1. CLAIMS A three-block polymer of type ABA or biodegradable BAB, said three-block polymer ABA has the formula: PL (G) z-? A-PEG-PL (G) z_? A and said three-block polymer BAB has the formula: PEG - PL (G) z-? A - PEG where z is an integer that represents 1 or 2, where block A is represented by PL (G) z-? A such that when z is 2 block A is a poly (lactide-co-glycolide) or PLGA copolymer, and when z is 1 block A is a poly (lactide) polymer or PLA and where block B is represented by PEG which is a hydrophilic polyethylene glycol polymer, said block copolymer has a weight average molecular weight of between about 2000 and 4990 and possesses reverse thermal gel-forming properties.

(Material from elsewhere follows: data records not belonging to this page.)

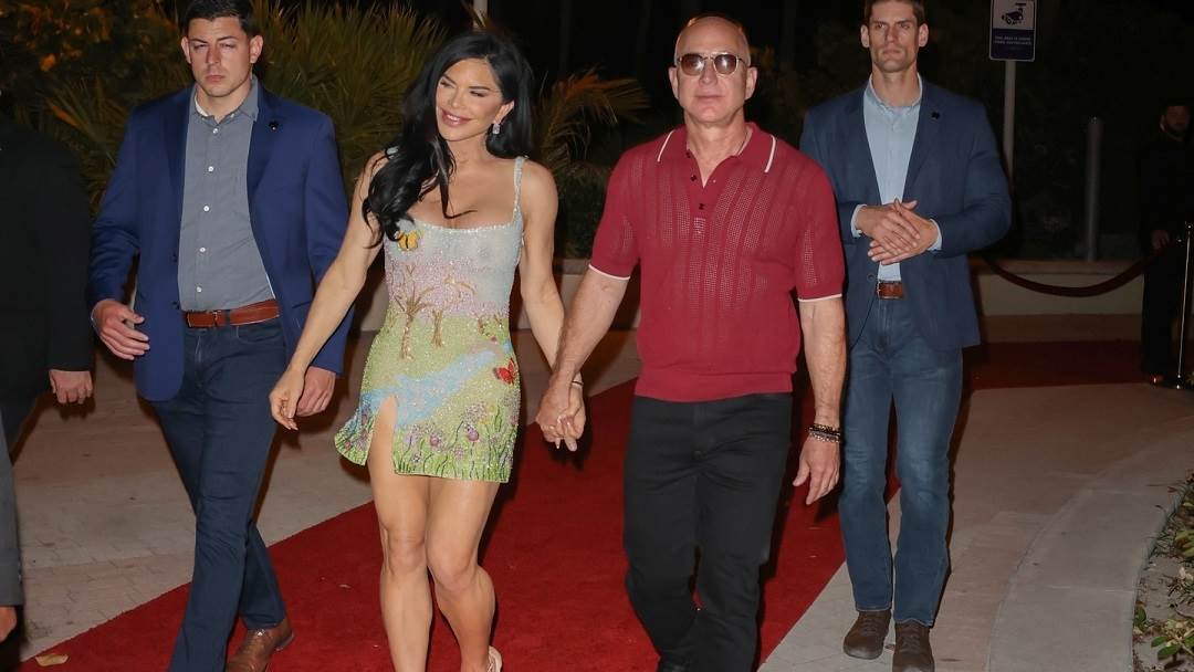 Fotografije prikazuju kako je Bezos izabrao ležernu kombinaciju crvene (pomalo prozirne) majice i crnih hlača, dok je Lauren izabrala vrtoglavo visoke štikle i usku mini haljinu.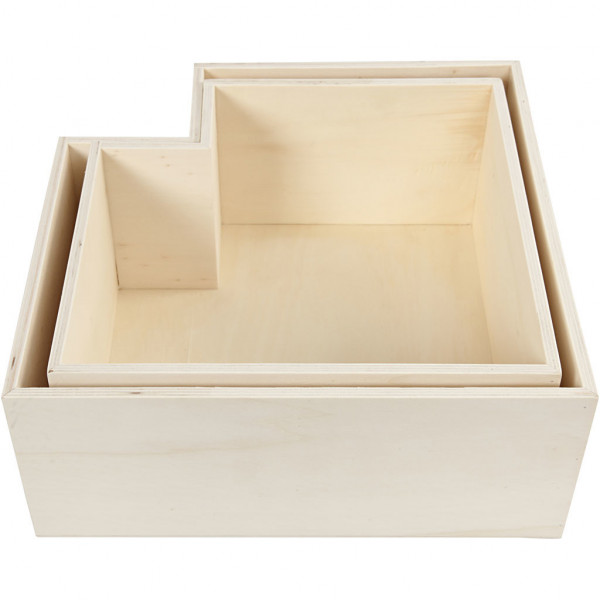 Set houten dozen in verschillende maten, te gebruiken voor o.a. show, opslag of boeken.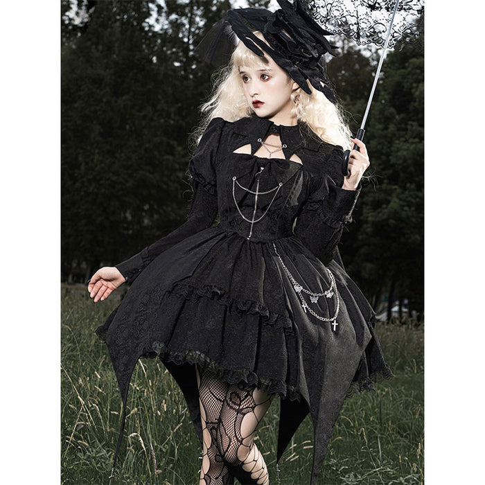 ハロウィン衣装 レディース ワンピース かわいい ブラックドレス 仮装舞踏会 吸血鬼 花嫁Vings ヴィングス。

2. A three-block polymer according to claim 1, wherein the block A PL (G) z-? A comprises from about 51 to 83% by weight of said polymer and the PEG block B comprises from about 17 to 49% by weight of said polymer.
3. A polymer of three blocks according to claim 2 wherein the polymer is of type BAB.
4. A polymer of three blocks according to claim 2 wherein the polymer is of the ABA type.
5. A three block polymer according to claim 4 wherein z is 1 such that block A is a PLA polymer.
6. A three block polymer according to claim 4 wherein z is 2 such that block A is a PLGA copolymer.
7. A three-block polymer according to claim 6 wherein the block A is a PLGA copolymer comprising between about 80 and 20 mol% lactide and between about 20 and 80 mol% glycolide.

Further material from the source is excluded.